Отпустив машину, пошел пешком по улицам, которые застраивались под его руководством. Он так и подумал об этом: почти весь новый город строился под его руководством, при его участии. Он всегда чувствовал себя хозяином города. Это придавало ему уверенность, силу. И вдруг сейчас, понял, что никакой он здесь не хозяин… Это сознание словно придавило его. Впервые он не радовался решениям партии, а ведь он же всегда считал себя верным ее сыном. Что же произошло, Семен Парфенович? Что изменилось? Он почему-то подумал о Шиковиче и Яроше и позавидовал им.
Легко им живется. Если что и неясно, непонятно, то в других, а в себе все у них ясно и все просто. А вот он, Семен Гукан, в самом себе не может разобраться. Кто он и что, маленький человек, рядовой работник? (Он вдруг начал думать о себе, как о совсем мелкой сошке.) «С какой радостью ты сделал бы их провокаторами». Неправда, товарищ Тарасов! Я никого не собираюсь делать провокаторами! — хотелось крикнуть ему.

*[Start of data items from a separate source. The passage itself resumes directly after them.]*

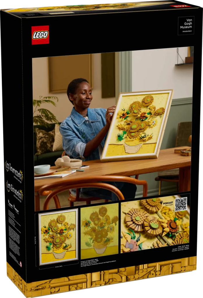 31215 Vincent van Gogh – Sunflowers also features a printed tile bearing Vincent’s famous signature.
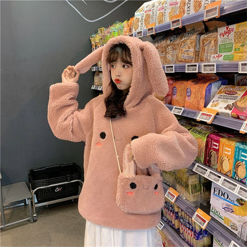 Милые толстовки с кроличьими ушками для женщин, Теплый Женский свит...
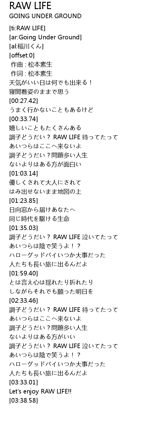 | [02:46.55] | 調子どうだい? RAW LIFE 待ってたって |
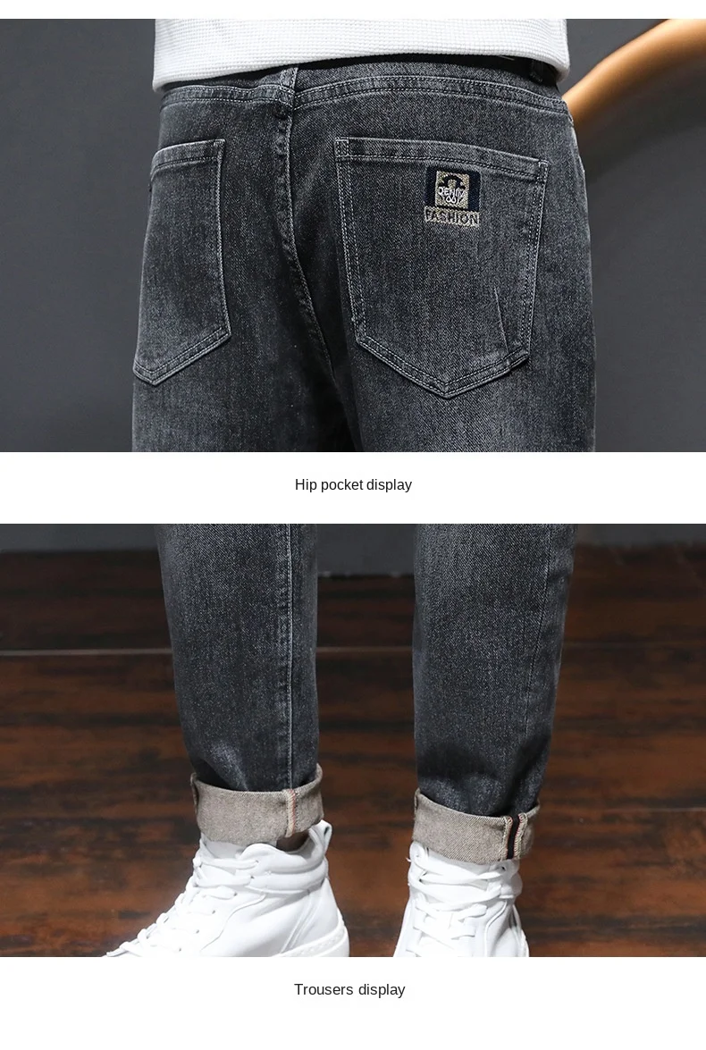 Denim Jeans 2022 Boys Autumn Loose Straight Brand Stretch Casual Men’s New Korean Embroidered Men’s Long Cowboy Harem Pants
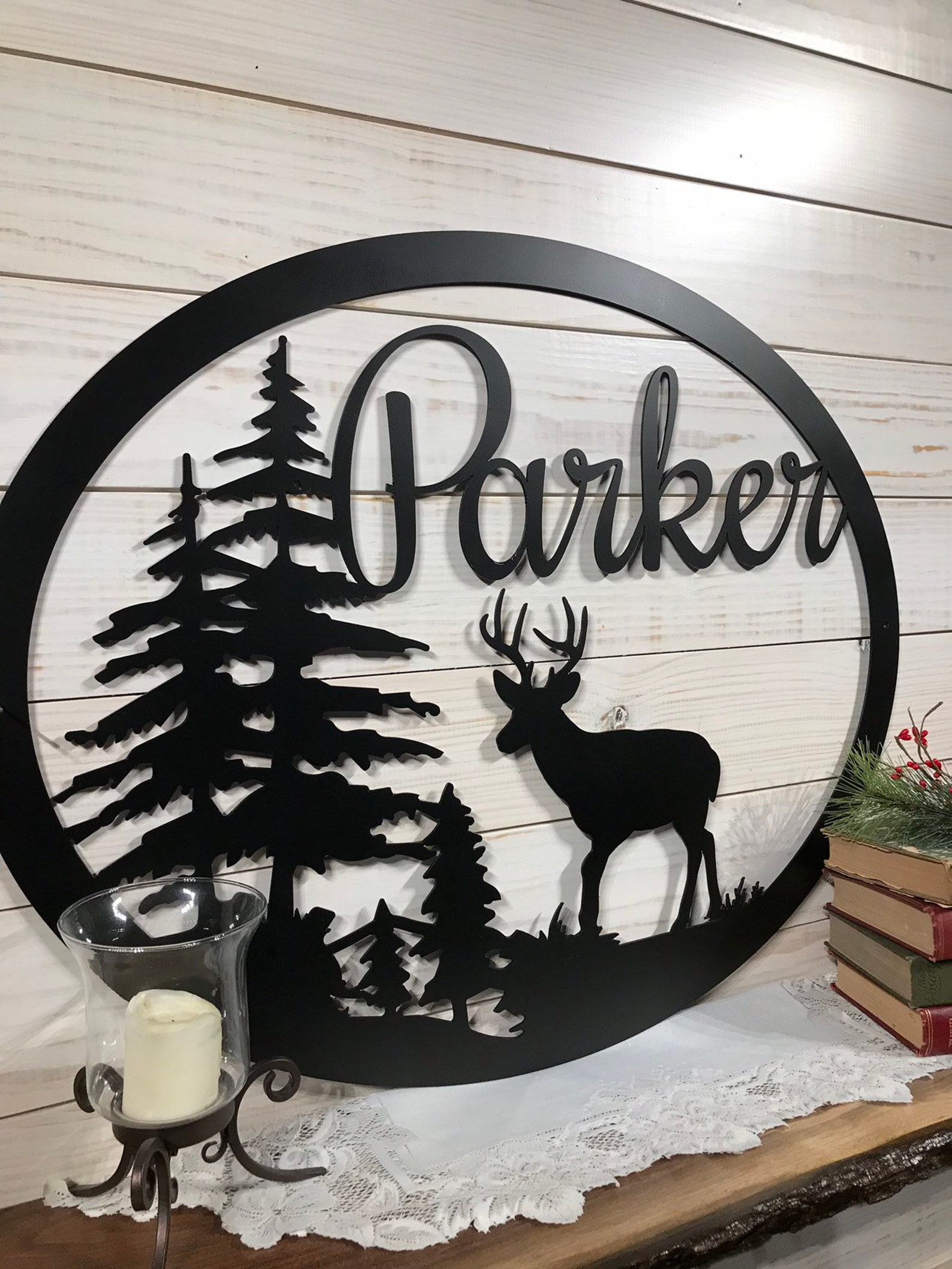 This large metal last name sign can be customized to have whatever Last name or Farm name you chose on it. This Deer Wall art is a great personalized gift for Friends or the Deer Hunting man in your family! Makes a Great Rustic sign or Welcome Sign for your Lodge decor or Cabin decor!

Он остановился, снял шапку, вытер платком лоб. К нему подошла женщина, поздоровалась, попросила, чтоб он зашел посмотреть, как она живет. В последние годы он нередко заглядывал в квартиры горожан; главное, подбодрить человека, тогда он терпеливее ждет! Но сейчас ему не хотелось ничего и никого видеть.
— Простите… Завтра, завтра. Заходите ко мне.
— Да не попаду я к вам завтра, товарищ председатель!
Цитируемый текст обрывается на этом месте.